Records shown —
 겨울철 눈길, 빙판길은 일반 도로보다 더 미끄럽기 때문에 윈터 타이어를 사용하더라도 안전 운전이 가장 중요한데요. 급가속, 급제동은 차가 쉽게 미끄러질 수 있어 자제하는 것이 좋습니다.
---
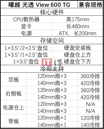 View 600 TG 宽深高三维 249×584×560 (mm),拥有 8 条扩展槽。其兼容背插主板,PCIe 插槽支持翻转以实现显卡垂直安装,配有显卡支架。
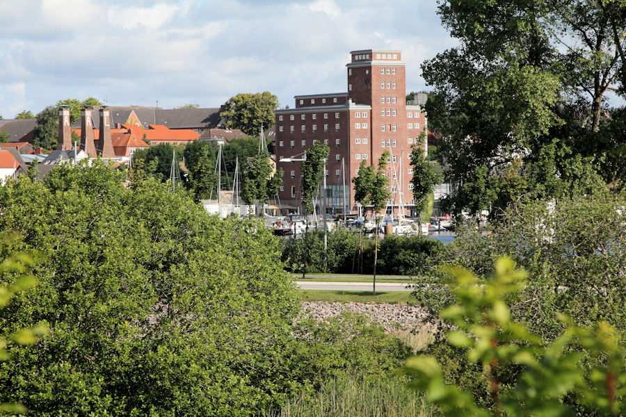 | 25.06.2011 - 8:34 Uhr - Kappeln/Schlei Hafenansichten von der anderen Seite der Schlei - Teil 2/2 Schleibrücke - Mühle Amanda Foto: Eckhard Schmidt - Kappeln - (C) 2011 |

Problem details — Copy the lines above exactly, starting at the one with "View 600 TG" and ending at the one with "- (C) 2011 |", both included. Leave out any pictures and add nothing else.

Your solution —
 View 600 TG 宽深高三维 249×584×560 (mm),拥有 8 条扩展槽。其兼容背插主板,PCIe 插槽支持翻转以实现显卡垂直安装,配有显卡支架。
 | 25.06.2011 - 8:34 Uhr - Kappeln/Schlei Hafenansichten von der anderen Seite der Schlei - Teil 2/2 Schleibrücke - Mühle Amanda Foto: Eckhard Schmidt - Kappeln - (C) 2011 |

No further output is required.